Textile ( http://drupal.org/project/textile ) formatted text are displayed verbatim in atom feed, without parsing. The RSS feed does parse the filter correctly.

CommentFileSizeAuthor
#6 atom.module.diff.txt1.11 KBdrumm

Comments

Robert Daeley’s picture

Title: Does not work with Textile filter » Does not work with Markdown filter, either

The same issue seems to be taking place with the Markdown module as well.

Robert Daeley’s picture

Title: Does not work with Markdown filter, either » Does not work with Textile or Markdown filters
Robert Daeley’s picture

After a bit of investigation, I've come up with a temporary solution to this problem, at least for the Markdown format (I don't have Textile installed, so someone else will have to confirm).

If you check out the raw XML file atom.module creates, it is creating a proper Atom file with and fields. The atom.module fills these in with the contents of the "teaser" and "body" fields for each node. So far so good.

Strangely, the teaser field is getting formatted correctly -- in other words, the Markdown markup is being converted to regular HTML, as it should be (and as it is on the regular webpage). But the body field atom.module is filling in is the raw Markdown, sans conversion.

Spending a bit of time familiarizing myself with the system, I've not tracked down the exact problem (though I suspect it might be a problem with the node_invoke_nodeapi usage here), but my temporary fix is to simply replace the line (line 179 in my copy of atom.module) that reads

$output .= check_markup($item->body);

with this:

$output .= check_markup($item->teaser);

All this does is use the same command as on line 173 just above, which calls the properly formatted teaser.

This is not a permanent solution by any means, and is also at the whims of whether or not you use teasers and/or excerpts, but it takes care of things for me until the real fix is in.

Robert Daeley’s picture

UPDATE: After yet more experimentation, I've discovered the following:

1. atom.module apparently uses the default Input Format to display the body version of the story.
2. If that Input Format is *not* Markdown-capable, the story will not display properly.
3. If it *is* Markdown-capable, but certain HTML tags are forbidden, it will *not* display those.

Although this additional temporary solution isn't for everybody, if you allow Markdown in your default Input Format, and include appropriate HTML formatting+filtering, you will take care of the problem for now.

chrisada’s picture

I can confirm that setting the default format to use atom makes the feed appears with the atom filter applied.

drumm’s picture

Title: Does not work with Textile or Markdown filters » Filter content only once
StatusFileSize
new1.11 KB

Currently, $node->teaser and ->body are passed to check_markup() on output. At this point the content has already been filtered with the node's default input format. The second call is unnecessary and removes important allowed markup.

drumm’s picture

Status: Active » Needs review
chrisada’s picture

drumm, I just tried your patch.
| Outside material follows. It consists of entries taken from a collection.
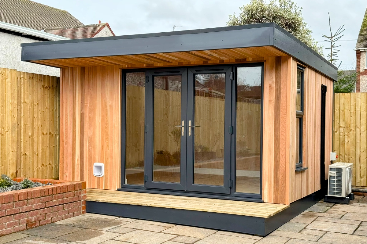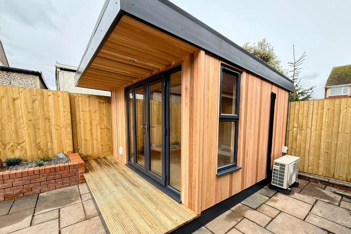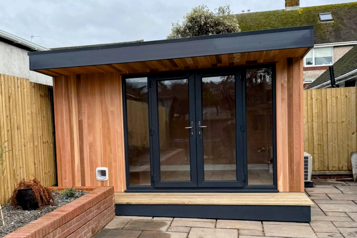 The structure was engineered to deliver strength, durability and excellent thermal performance. The floor, walls and roof were installed with 100mm of acoustic and PIR insulation, ensuring the garden room remains comfortable and energy efficient throughout the year.
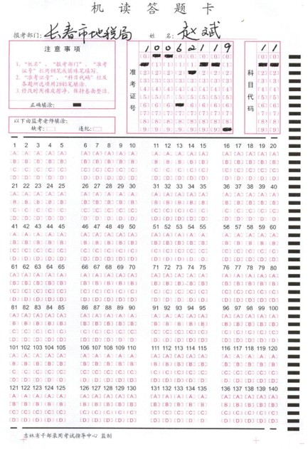 (2)監(jiān)考人員發(fā)給每位考生一頁答題卡,給考生約兩分鐘時(shí)間按規(guī)定要求在答題卡上填涂自己的姓名和考號(hào)。
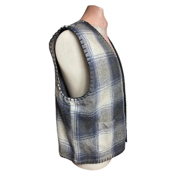 This salvaged vintage wool check vest is stitched with raw attitude and reworked with a bold AF Amsterdam bulldog patch — street-bred, club-coded, and ready to bite.
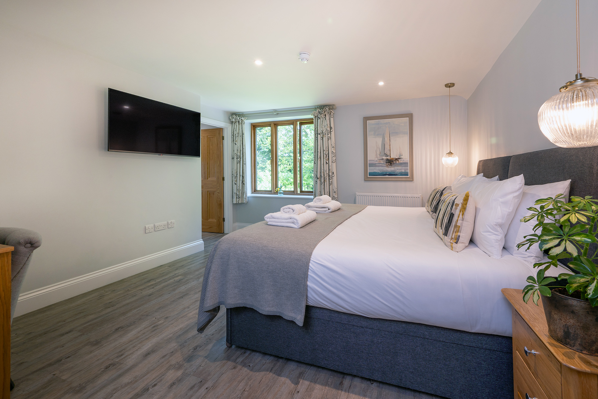 Kingshay Barton - Bedroom 4 (Coombe) has an en suite bathroom with a built-in TV -
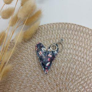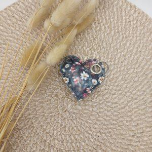Obesek srce – rožice na črni podlagi
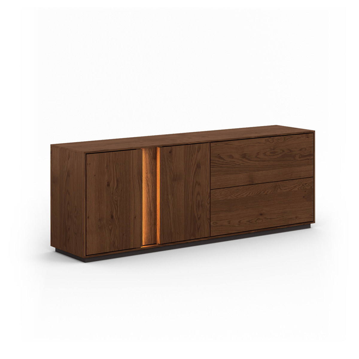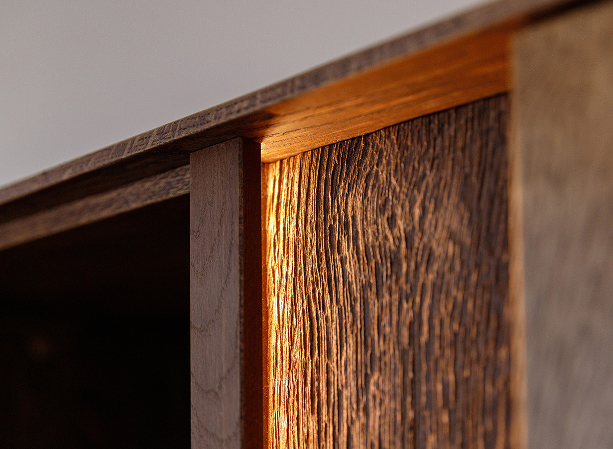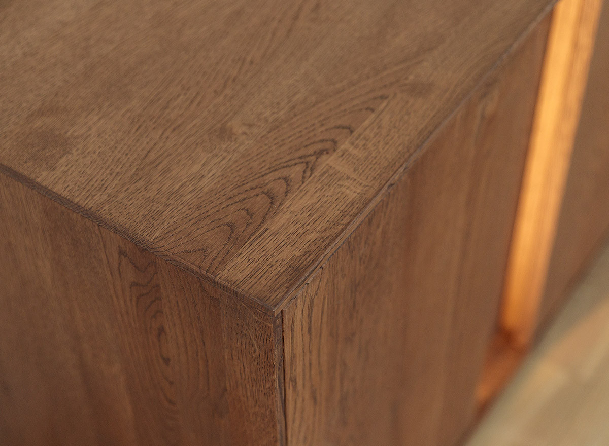 Hagyomány és a modernitás kifinomult kombinációja. A dekoratív világítás hozzáadásának lehetősége tovább hangsúlyozza egyediségét. Ideális megoldás az elegáns, skandináv, modern vagy klasszikus stílus szerelmeseinek. A teli előlappal ellátott ajtós rész rengeteg tárolóhelyet biztosít, védve a tárgyakat a portól és a fénytől, míg az üvegrész lehetővé teszi kedvenc dekorációi vagy kollekciói megjelenítését. A könnyen tisztítható üvegpolcok remekül mutatnak dekoratív világítással kombinálva, rendkívül lenyűgöző belső teret hozva létre a vitrines részben. A ledes világítással igazán erőteljes hangsúlyt kap a fa. A két baloldali ajtó klasszikus oldalra nyíló, míg a két jobb oldali ajtó lefele nyílik, gázrugó segítséggel. A média komód minden része valódi tölgyfa, egyedül a bútor hátulja készül rétegelt fa lemezből. A lehajtható ajtós rész hátulja kivágásokkal ellátott, hogy a média elemek vezetékei bejuthassanak. A komód rengeteg tárolóhelyet biztosít, védve a tárgyakat a portól és a fénytől, A bútor élei nagyon finoman ívelek, a lábazat sötét színűre pácolt, elemelve a bútort a padlózattól.
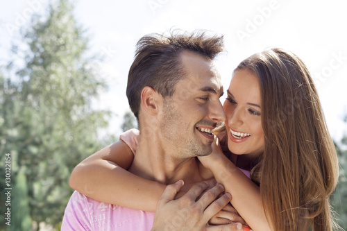 © MDBPIXS, Fototapeta premium Smiling young couple looking at each other in park
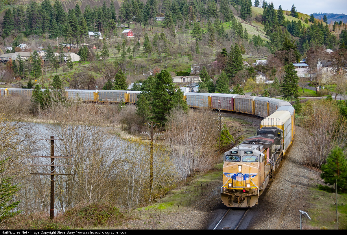 | A westbound auto rack train rolls through the town of Mosier, Ore., in the Columbia River Gorge. |
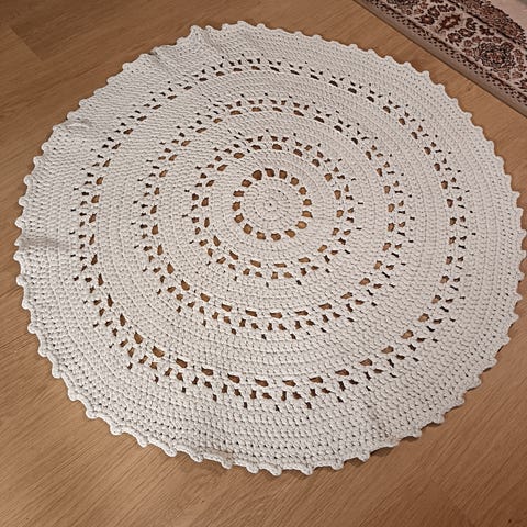 Myynnissä myös iso virkattu matto!

While it makes sense to not check_markup() on output, this does not fix the problem of default filters being applied to all nodes in feeds, instead of node-specific filters.

pete@fiddley.com’s picture

Status: Needs review » Active

Before creating a patch, can someone check if this is really doing what I think it is...

Changed line 141 of atom.module from:
node_invoke($item, 'view', TRUE, FALSE);

To:
node_invoke($item, 'view', TRUE);

The filter_hook doesn't require the 4th parameter and may have been overriding the 3rd.

furmans’s picture

I also found that the module was only applying the default filter on my site as noted in #5. I want the module to apply the filter of the node and display that in the feed. I'd like to see this behavior in the default blog/feed too. Here's my solution for the fixing the atom feed...

Line 173 of atom.module:
change:
$output .= check_markup($item->teaser);
to:
$output .= check_markup($item->teaser, $item->format, FALSE);

Line 179 of atom.module:
change:
$output .= check_markup($item->body);
to:
$output .= check_markup($item->body, $item->format, FALSE);

That works for me. You can check the results at my website: American Inventor Spot

deekayen’s picture

Status: Active » Fixed

Committed #10 to DRUPAL-5, DRUPAL-4-7, and DRUPAL-4-6. Yes, I know the furmans version does have redundancy, but atom can't predict what the node_prepare() is going to do when invoking the view hook in a totally different module.